*** Begin section ***
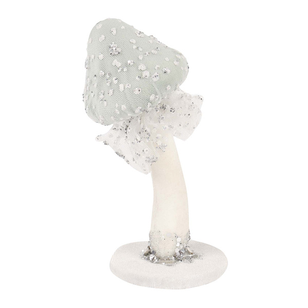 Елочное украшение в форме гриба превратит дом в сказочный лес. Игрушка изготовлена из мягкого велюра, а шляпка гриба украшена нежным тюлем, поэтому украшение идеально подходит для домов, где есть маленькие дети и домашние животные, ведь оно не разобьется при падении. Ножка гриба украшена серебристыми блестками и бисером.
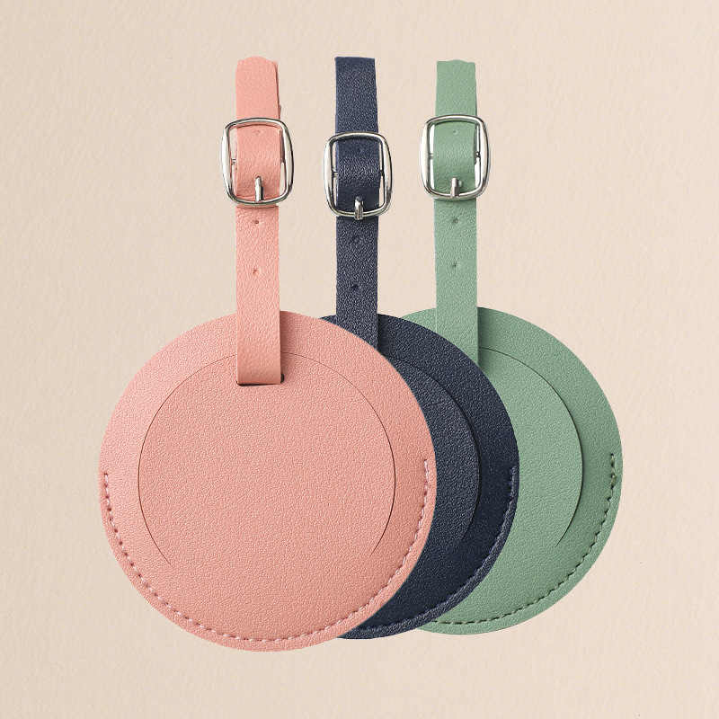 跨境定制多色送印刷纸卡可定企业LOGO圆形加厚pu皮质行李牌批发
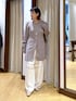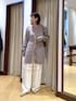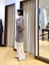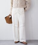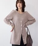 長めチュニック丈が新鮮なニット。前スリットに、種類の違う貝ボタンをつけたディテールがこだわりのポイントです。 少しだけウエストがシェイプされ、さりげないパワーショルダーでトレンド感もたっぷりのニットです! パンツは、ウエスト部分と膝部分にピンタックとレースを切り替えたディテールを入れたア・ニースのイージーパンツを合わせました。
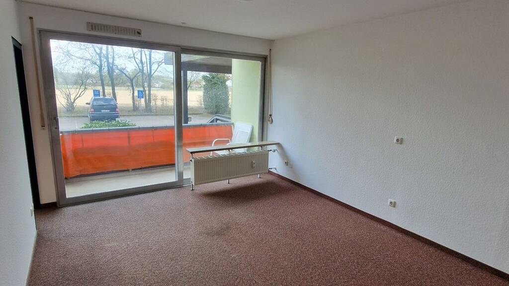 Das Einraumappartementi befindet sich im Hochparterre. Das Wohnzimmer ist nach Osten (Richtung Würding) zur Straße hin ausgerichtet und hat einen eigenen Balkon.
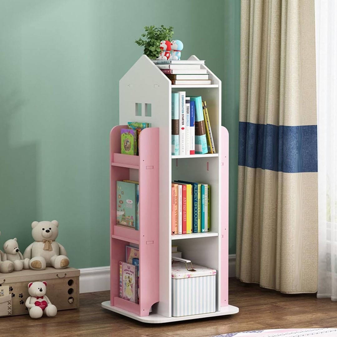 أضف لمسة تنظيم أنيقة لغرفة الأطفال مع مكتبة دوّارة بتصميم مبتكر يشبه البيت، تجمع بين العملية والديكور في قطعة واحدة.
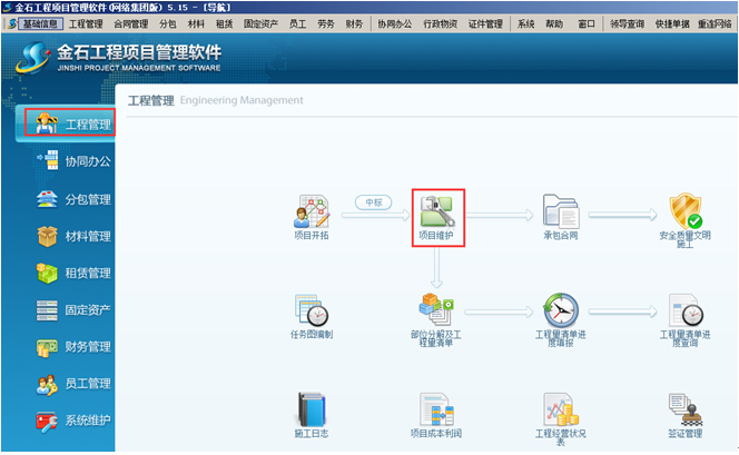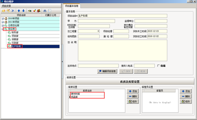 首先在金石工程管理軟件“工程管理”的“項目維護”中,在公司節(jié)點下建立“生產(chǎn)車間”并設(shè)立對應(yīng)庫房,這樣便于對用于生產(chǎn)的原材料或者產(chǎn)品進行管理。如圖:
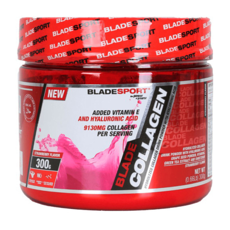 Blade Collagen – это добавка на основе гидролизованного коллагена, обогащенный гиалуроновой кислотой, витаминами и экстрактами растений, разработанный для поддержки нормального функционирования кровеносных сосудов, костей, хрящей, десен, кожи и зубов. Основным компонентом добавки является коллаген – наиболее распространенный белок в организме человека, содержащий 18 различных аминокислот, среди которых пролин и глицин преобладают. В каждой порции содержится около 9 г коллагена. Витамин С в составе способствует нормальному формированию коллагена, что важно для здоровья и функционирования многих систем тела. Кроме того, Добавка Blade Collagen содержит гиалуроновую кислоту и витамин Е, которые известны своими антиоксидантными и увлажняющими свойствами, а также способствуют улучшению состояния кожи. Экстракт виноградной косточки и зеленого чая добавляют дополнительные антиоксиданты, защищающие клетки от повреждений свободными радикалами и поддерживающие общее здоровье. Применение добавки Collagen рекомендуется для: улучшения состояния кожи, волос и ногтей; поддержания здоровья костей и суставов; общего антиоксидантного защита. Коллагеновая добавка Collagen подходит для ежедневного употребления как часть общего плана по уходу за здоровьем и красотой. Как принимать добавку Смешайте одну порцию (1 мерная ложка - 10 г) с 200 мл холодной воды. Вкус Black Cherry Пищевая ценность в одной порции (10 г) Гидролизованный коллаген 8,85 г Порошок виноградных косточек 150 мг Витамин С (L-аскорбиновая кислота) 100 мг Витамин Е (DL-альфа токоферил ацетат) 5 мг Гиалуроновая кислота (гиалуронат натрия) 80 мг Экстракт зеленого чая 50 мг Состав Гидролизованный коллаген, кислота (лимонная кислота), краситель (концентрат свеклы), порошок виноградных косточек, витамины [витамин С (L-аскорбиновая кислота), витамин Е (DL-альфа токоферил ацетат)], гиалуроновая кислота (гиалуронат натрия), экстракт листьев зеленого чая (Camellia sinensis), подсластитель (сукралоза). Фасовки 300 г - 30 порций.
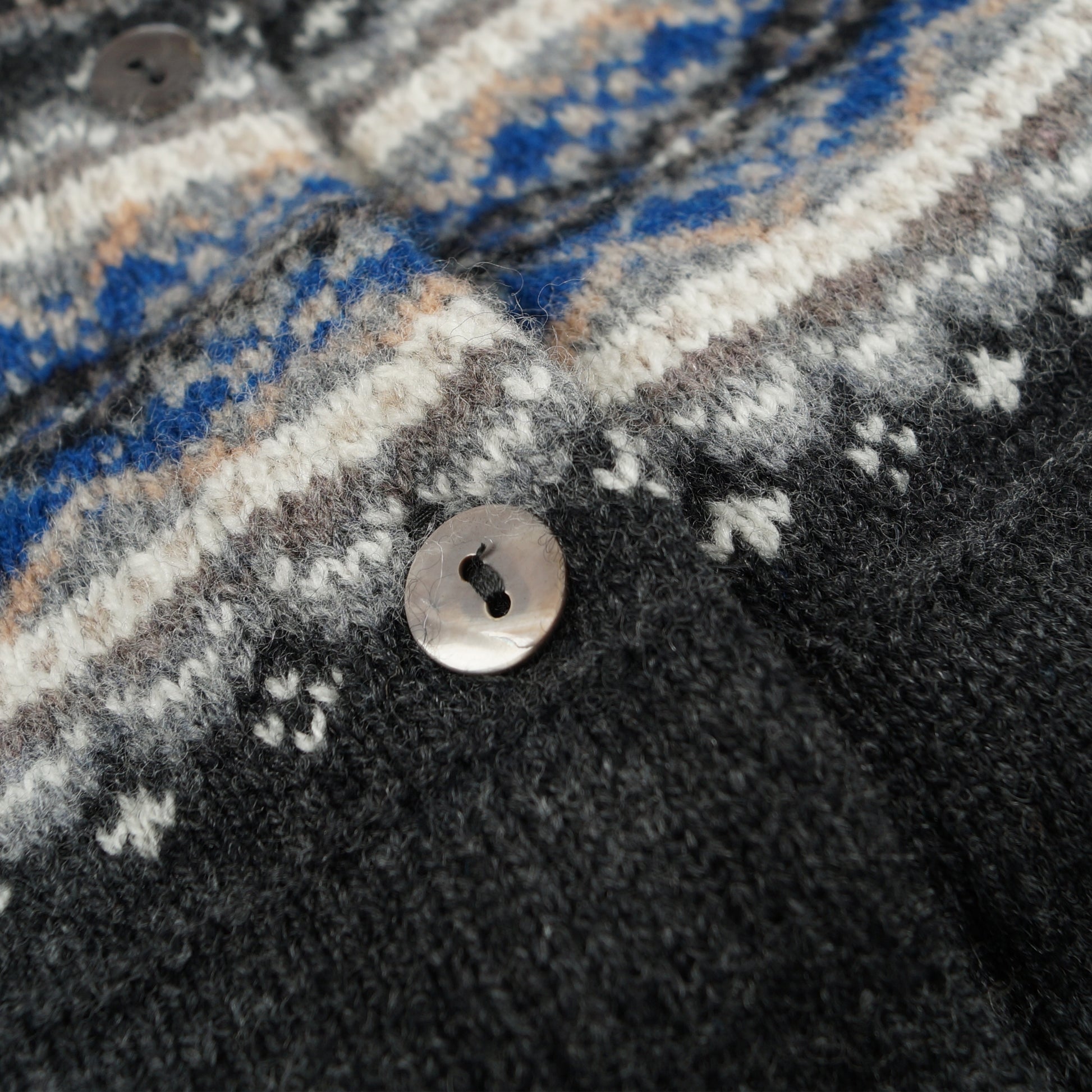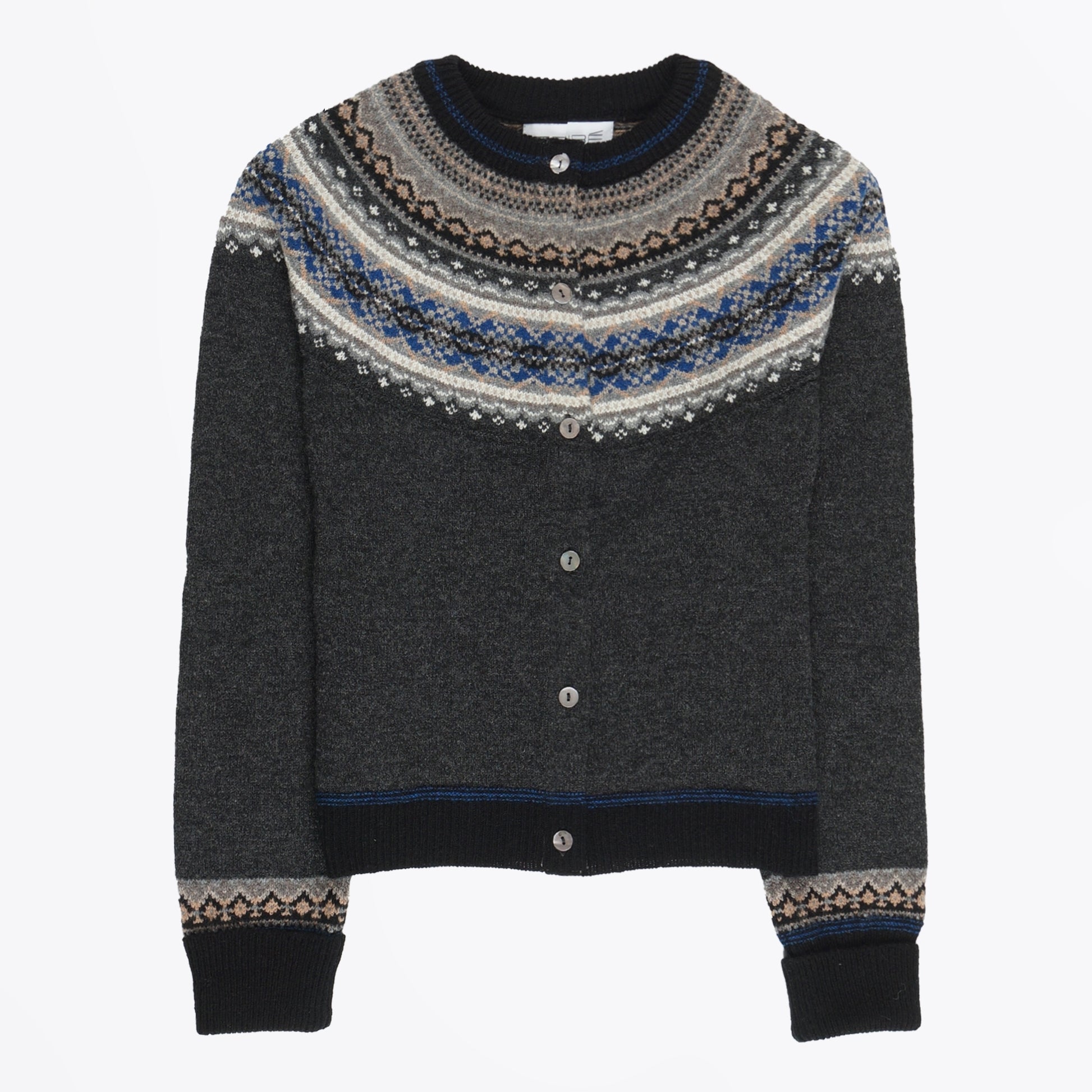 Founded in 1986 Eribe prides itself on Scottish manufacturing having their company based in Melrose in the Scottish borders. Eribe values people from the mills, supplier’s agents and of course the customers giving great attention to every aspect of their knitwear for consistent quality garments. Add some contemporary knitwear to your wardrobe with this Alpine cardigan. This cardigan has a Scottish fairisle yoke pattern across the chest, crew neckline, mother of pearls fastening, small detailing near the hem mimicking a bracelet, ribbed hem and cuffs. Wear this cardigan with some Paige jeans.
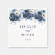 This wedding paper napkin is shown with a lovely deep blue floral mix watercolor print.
*** End section ***
=== WHAT THE EXERCISE ASKS ===
Would you repeat the entries exactly, but with no pictures?

=== ANSWER ===
 Елочное украшение в форме гриба превратит дом в сказочный лес. Игрушка изготовлена из мягкого велюра, а шляпка гриба украшена нежным тюлем, поэтому украшение идеально подходит для домов, где есть маленькие дети и домашние животные, ведь оно не разобьется при падении. Ножка гриба украшена серебристыми блестками и бисером.
 跨境定制多色送印刷纸卡可定企业LOGO圆形加厚pu皮质行李牌批发
 長めチュニック丈が新鮮なニット。前スリットに、種類の違う貝ボタンをつけたディテールがこだわりのポイントです。 少しだけウエストがシェイプされ、さりげないパワーショルダーでトレンド感もたっぷりのニットです! パンツは、ウエスト部分と膝部分にピンタックとレースを切り替えたディテールを入れたア・ニースのイージーパンツを合わせました。
 Das Einraumappartementi befindet sich im Hochparterre. Das Wohnzimmer ist nach Osten (Richtung Würding) zur Straße hin ausgerichtet und hat einen eigenen Balkon.
 أضف لمسة تنظيم أنيقة لغرفة الأطفال مع مكتبة دوّارة بتصميم مبتكر يشبه البيت، تجمع بين العملية والديكور في قطعة واحدة.
 首先在金石工程管理軟件“工程管理”的“項目維護”中,在公司節(jié)點下建立“生產(chǎn)車間”并設(shè)立對應(yīng)庫房,這樣便于對用于生產(chǎn)的原材料或者產(chǎn)品進行管理。如圖:
 Blade Collagen – это добавка на основе гидролизованного коллагена, обогащенный гиалуроновой кислотой, витаминами и экстрактами растений, разработанный для поддержки нормального функционирования кровеносных сосудов, костей, хрящей, десен, кожи и зубов. Основным компонентом добавки является коллаген – наиболее распространенный белок в организме человека, содержащий 18 различных аминокислот, среди которых пролин и глицин преобладают. В каждой порции содержится около 9 г коллагена. Витамин С в составе способствует нормальному формированию коллагена, что важно для здоровья и функционирования многих систем тела. Кроме того, Добавка Blade Collagen содержит гиалуроновую кислоту и витамин Е, которые известны своими антиоксидантными и увлажняющими свойствами, а также способствуют улучшению состояния кожи. Экстракт виноградной косточки и зеленого чая добавляют дополнительные антиоксиданты, защищающие клетки от повреждений свободными радикалами и поддерживающие общее здоровье. Применение добавки Collagen рекомендуется для: улучшения состояния кожи, волос и ногтей; поддержания здоровья костей и суставов; общего антиоксидантного защита. Коллагеновая добавка Collagen подходит для ежедневного употребления как часть общего плана по уходу за здоровьем и красотой. Как принимать добавку Смешайте одну порцию (1 мерная ложка - 10 г) с 200 мл холодной воды. Вкус Black Cherry Пищевая ценность в одной порции (10 г) Гидролизованный коллаген 8,85 г Порошок виноградных косточек 150 мг Витамин С (L-аскорбиновая кислота) 100 мг Витамин Е (DL-альфа токоферил ацетат) 5 мг Гиалуроновая кислота (гиалуронат натрия) 80 мг Экстракт зеленого чая 50 мг Состав Гидролизованный коллаген, кислота (лимонная кислота), краситель (концентрат свеклы), порошок виноградных косточек, витамины [витамин С (L-аскорбиновая кислота), витамин Е (DL-альфа токоферил ацетат)], гиалуроновая кислота (гиалуронат натрия), экстракт листьев зеленого чая (Camellia sinensis), подсластитель (сукралоза). Фасовки 300 г - 30 порций.
 Founded in 1986 Eribe prides itself on Scottish manufacturing having their company based in Melrose in the Scottish borders. Eribe values people from the mills, supplier’s agents and of course the customers giving great attention to every aspect of their knitwear for consistent quality garments. Add some contemporary knitwear to your wardrobe with this Alpine cardigan. This cardigan has a Scottish fairisle yoke pattern across the chest, crew neckline, mother of pearls fastening, small detailing near the hem mimicking a bracelet, ribbed hem and cuffs. Wear this cardigan with some Paige jeans.
 This wedding paper napkin is shown with a lovely deep blue floral mix watercolor print.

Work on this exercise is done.